Humanity on the Fence
A new public art installation, called Fencelines, redefines the only barrier separating Richmond’s residential neighborhoods from the Chevron oil refinery: a wire fence.
“It is a participatory project meant to engage folks and get a message to Chevron, but also gather visions that offer a future that is different and will hopefully transform this situation,” says Graham Laird Prentice, one of the co-creators of the installation.
Fencelines incorporates community-painted slats along the fence, which is also decorated with ribbons intended to indicate which way the wind is blowing. Pollution from the Chevron Richmond Refinery, also the largest greenhouse gas emitter in California, doesn’t confine itself to the refinery’s side of the fence.
In addition to transforming the actual fence, Fencelines also occupies space at the Richmond Art Center, where visitors can find a sculptural fence with more painted slats. During free community events held at the center, people can come and decorate their own slats with messages regarding their feelings around Chevron, the Richmond community, and climate justice to place on the fence.
This past April, photographer Lonny Meyer attended Spring Family Day to document how a community coming together for a day of art, positivity, and love can also be an act of resilience against environmental injustice.

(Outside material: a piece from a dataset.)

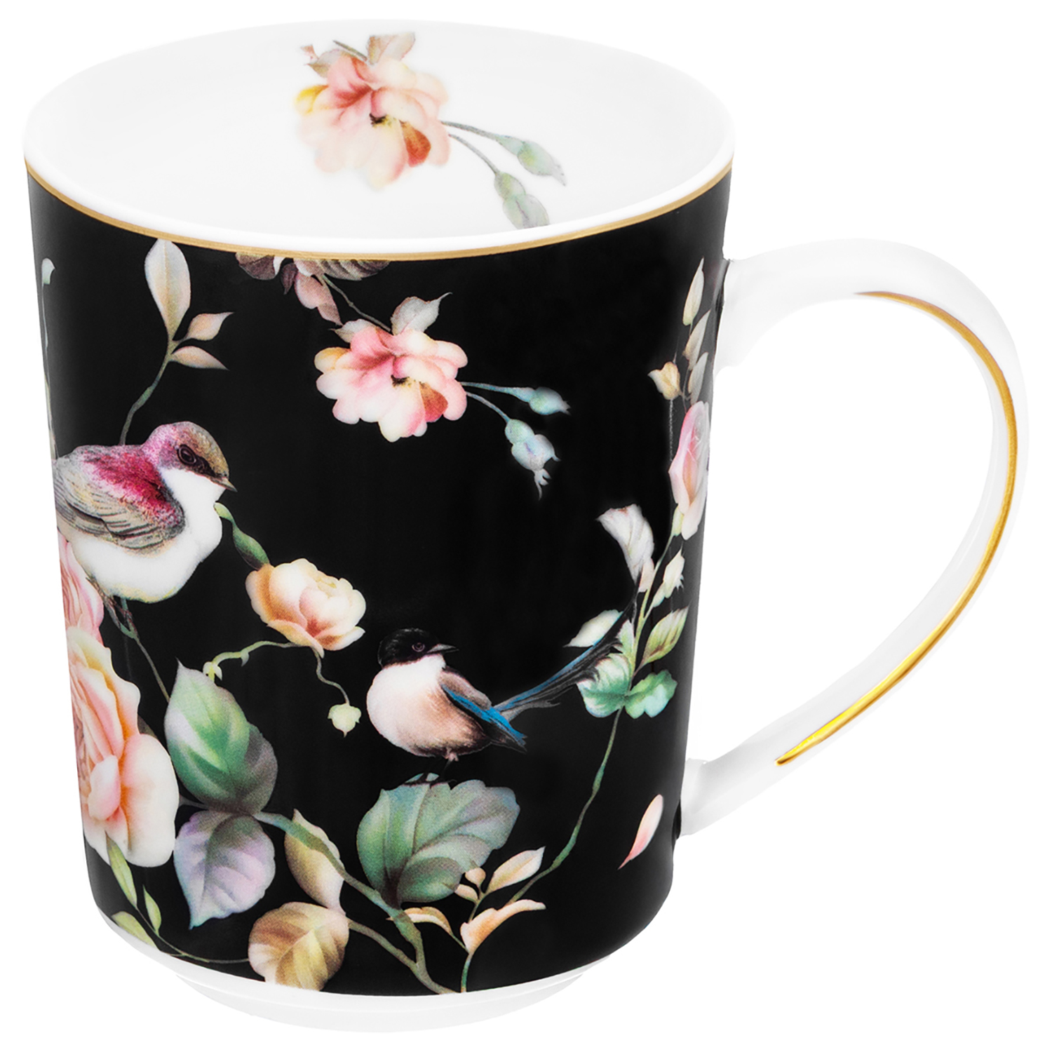 БЫЛО 543руб! Кружка 360 мл 12*8,5*10,5 см "Певчие птички на черном" NEW BONE CHINA

The event produced an incredibly positive turnout according to Laird Prentice, but he has been mostly moved by what the voices of the community have had to say. “The messages have been incredible. They’re about climate justice, but they’re more specifically about community care, self care, and love. The way they’ve all been woven together–there’s a deep humanity in it. We could have never predicted how powerful it would be to give over the microphone.”